MAKASSAR, KabarKampus – Wakil Presiden Mahasiswa Dewan Eksekutif Mahasiswa UIN Alauddin Makassar (DEMA UINAM), Zafira Zalsabila M, memberikan kritik keras terhadap kebijakan efisiensi anggaran yang diberlakukan oleh kampus UIN Alauddin Makassar.
“Kebijakan efisiensi anggaran, seharusnya dapat menjadi langkah strategis untuk mengoptimalkan pengelolaan dana dan meningkatkan akuntabilitas dalam tata kelola kemahasiswaan.

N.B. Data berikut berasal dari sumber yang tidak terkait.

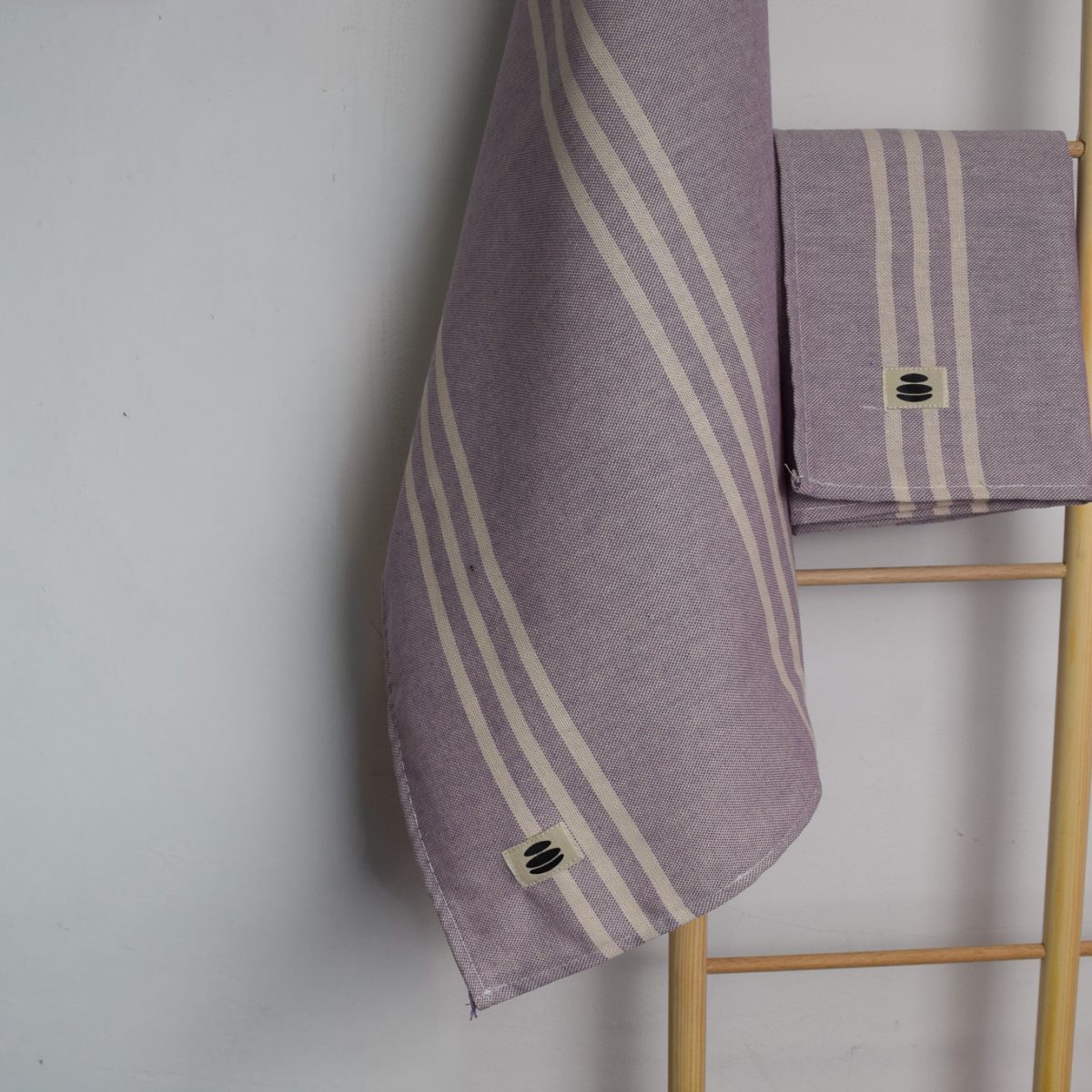 El paño de cocina vajilla Moraira se vende por pack de 2 unidades. Su diseño básico de color morado con líneas en blanco, lo hace la opción perfecta para tu hogar.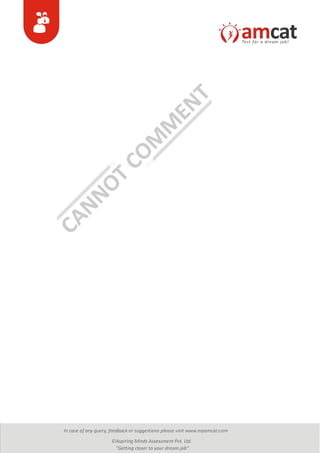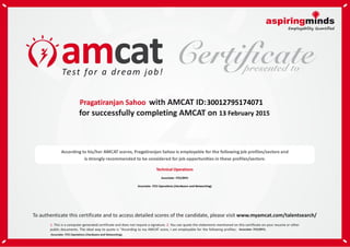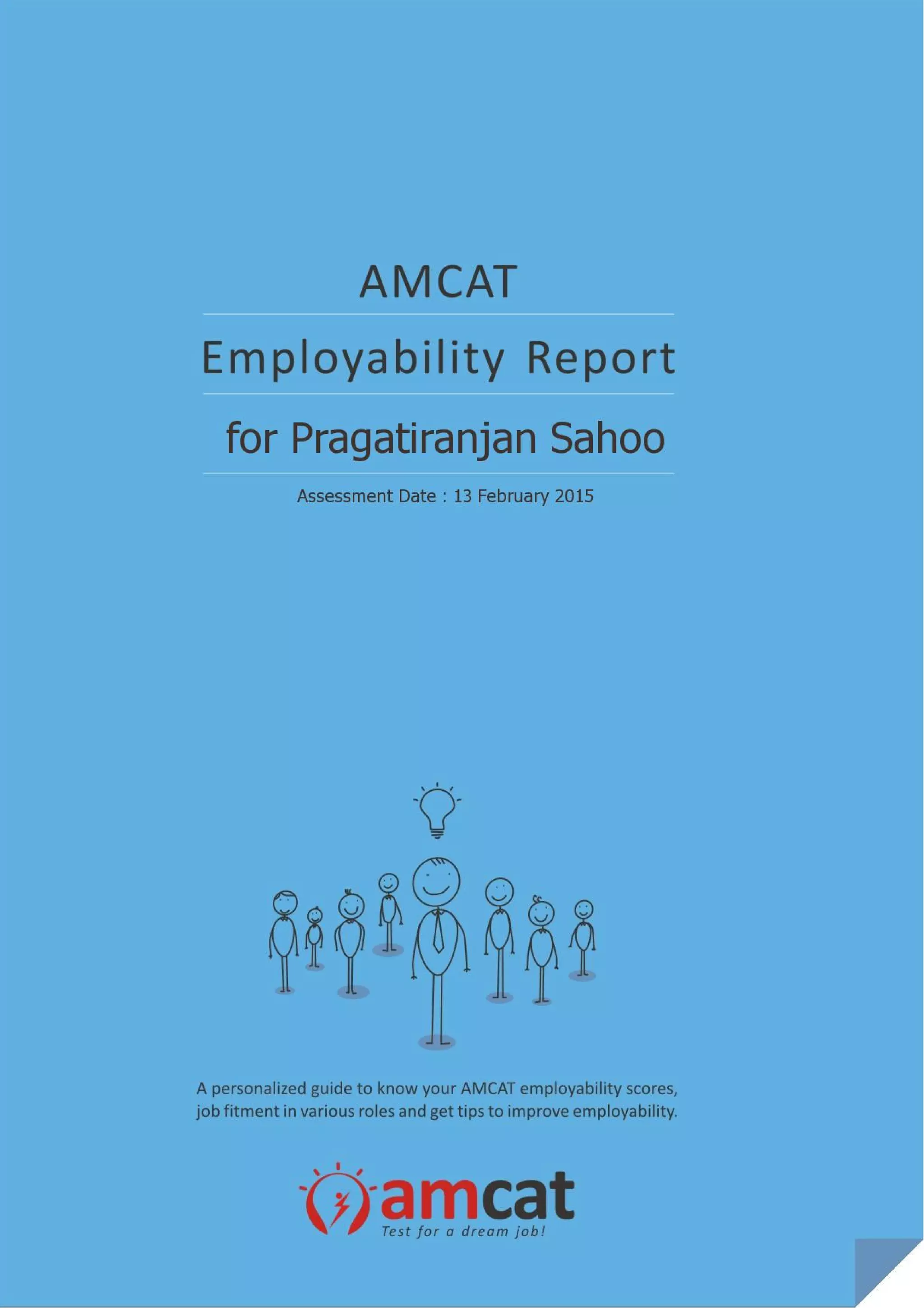 Pragatiranjan Sahoo received an AMCAT Employability Report that provides an analysis of his skills, personality, and career fitment for different industries and jobs. The report includes summaries of his AMCAT test scores in different modules, an analysis of his personality traits, and suggestions for how to improve areas of weakness and pursue career paths that match his strengths. It recommends that Pragatiranjan focus on profiles where his skills are strongest, explore profiles where he may have unconsidered potential, and work to improve skills needed for profiles that interest him but were identified as medium or low fit. The report aims to guide Pragatiranjan in developing an action plan to succeed at interviews and position himself

Dalam praktiknya, efisiensi ini diberlakukan secara sepihak tanpa keterlibatan penuh unsur mahasiswa,” ujar Zafira Zalsabila M. dalam rilisnya yang diterima Kabar Kampus (15/6/2025).

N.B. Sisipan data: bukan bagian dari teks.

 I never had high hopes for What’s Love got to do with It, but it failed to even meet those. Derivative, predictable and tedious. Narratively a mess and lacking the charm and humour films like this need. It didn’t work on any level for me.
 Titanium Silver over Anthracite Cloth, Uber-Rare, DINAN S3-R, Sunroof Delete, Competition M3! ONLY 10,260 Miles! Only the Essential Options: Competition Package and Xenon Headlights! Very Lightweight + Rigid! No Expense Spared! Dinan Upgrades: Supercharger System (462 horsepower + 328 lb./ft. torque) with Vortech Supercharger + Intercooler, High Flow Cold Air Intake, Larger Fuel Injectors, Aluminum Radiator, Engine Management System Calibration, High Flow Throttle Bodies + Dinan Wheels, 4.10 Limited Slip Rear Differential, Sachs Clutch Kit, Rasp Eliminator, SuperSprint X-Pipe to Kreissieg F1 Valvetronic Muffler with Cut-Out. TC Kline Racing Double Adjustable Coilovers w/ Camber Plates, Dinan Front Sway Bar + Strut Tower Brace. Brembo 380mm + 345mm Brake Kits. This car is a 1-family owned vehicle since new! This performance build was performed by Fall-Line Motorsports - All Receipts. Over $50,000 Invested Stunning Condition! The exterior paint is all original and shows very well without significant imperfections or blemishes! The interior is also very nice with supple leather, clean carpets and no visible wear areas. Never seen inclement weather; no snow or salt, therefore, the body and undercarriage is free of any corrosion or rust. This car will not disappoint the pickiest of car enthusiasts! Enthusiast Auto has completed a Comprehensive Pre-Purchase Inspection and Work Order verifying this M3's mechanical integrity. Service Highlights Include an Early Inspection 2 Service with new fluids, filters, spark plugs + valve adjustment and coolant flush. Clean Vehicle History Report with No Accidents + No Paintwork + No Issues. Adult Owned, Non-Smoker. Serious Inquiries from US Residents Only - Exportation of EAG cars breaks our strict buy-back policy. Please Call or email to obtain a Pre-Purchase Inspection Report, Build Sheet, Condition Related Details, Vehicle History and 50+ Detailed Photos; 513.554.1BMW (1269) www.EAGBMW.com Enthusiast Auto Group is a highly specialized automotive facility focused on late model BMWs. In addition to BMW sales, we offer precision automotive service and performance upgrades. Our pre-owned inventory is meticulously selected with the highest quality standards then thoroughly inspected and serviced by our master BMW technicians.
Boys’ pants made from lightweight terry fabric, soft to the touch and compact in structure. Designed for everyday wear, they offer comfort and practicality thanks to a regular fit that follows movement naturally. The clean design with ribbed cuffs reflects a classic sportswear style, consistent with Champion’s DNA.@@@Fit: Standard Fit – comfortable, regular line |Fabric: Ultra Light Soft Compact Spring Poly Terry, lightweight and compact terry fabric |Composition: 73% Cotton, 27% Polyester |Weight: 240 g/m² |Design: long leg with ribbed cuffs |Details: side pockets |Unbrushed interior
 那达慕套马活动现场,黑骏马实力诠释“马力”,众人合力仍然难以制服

Ia menanggapi efisiensi anggaran Lembaga kemahasiswaan hingga 0% ini menjadi aturan yang melengkapi pembatasan gerak Lembaga Kemahasiswaan. Di antara 12 poin kebijakan efisiensi anggaran dalam surat edaran (SE) sekretaris jenderal kementerian agama nomor 12 tahun 2025 tidak ada satupun poin yang mengarahkan efisiensi anggaran Lembaga kemahasiswaan.
Menurutnya Efisiensi anggaran ini diberlakukan tanpa akuntabilitas yang memadai, dan justru menimbulkan dampak sistemik terhadap kinerja kelembagaan, partisipasi mahasiswa, serta ruang kebebasan berekspresi yang seharusnya menjadi jantung kehidupan akademik.

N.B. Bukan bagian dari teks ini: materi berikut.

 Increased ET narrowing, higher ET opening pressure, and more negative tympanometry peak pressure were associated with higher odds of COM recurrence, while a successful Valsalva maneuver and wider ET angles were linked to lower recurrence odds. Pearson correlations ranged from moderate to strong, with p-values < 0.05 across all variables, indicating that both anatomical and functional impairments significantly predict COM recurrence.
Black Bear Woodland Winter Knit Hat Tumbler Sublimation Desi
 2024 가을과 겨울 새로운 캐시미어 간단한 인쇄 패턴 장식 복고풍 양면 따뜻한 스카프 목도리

“Dengan adanya kebijakan efisiensi anggaran ini Lembaga Kemahasiswaan justru dituntut untuk lebih aktif, kreatif, dan produktif dengan sumber daya yang kian terbatas, dibalik itu kita juga dibatasi dalam hal ruang gerak serta hak kebebasan sipil kita” Lanjut Zafira.
Zafira juga menyoroti aturan kampus UINAM yang sudah berlaku terlebih dahulu seperti larangan aktivitas malam di kampus dan Surat Edaran (SE) nomor B-3652/Un.06/WR.3/KM.00.2/10/2023 yang dianggap sebagai bukti nyata pembungkaman terhadap kebebasan sipil serta ruang gerak mahasiswa.
Wakil Presiden Mahasiswa UINAM ini menyatakan jika kebijakan efisiensi anggaran, pembatasan aktivitas malam, dan represi terhadap kebebasan berpendapat terus dinormalisasi, ini merupakan gejala menuju konstruksi kampus yang kering secara ide, steril secara politik, dan tumpul secara sosial.
“Ini bukan hanya soal alokasi dana, tetapi tentang arah kebijakan yang mencerminkan bagaimana institusi memandang peran mahasiswa: apakah sebagai mitra strategis dalam pembangunan intelektual kampus, atau sekadar pelengkap administratif dalam laporan kegiatan,” pungkasnya.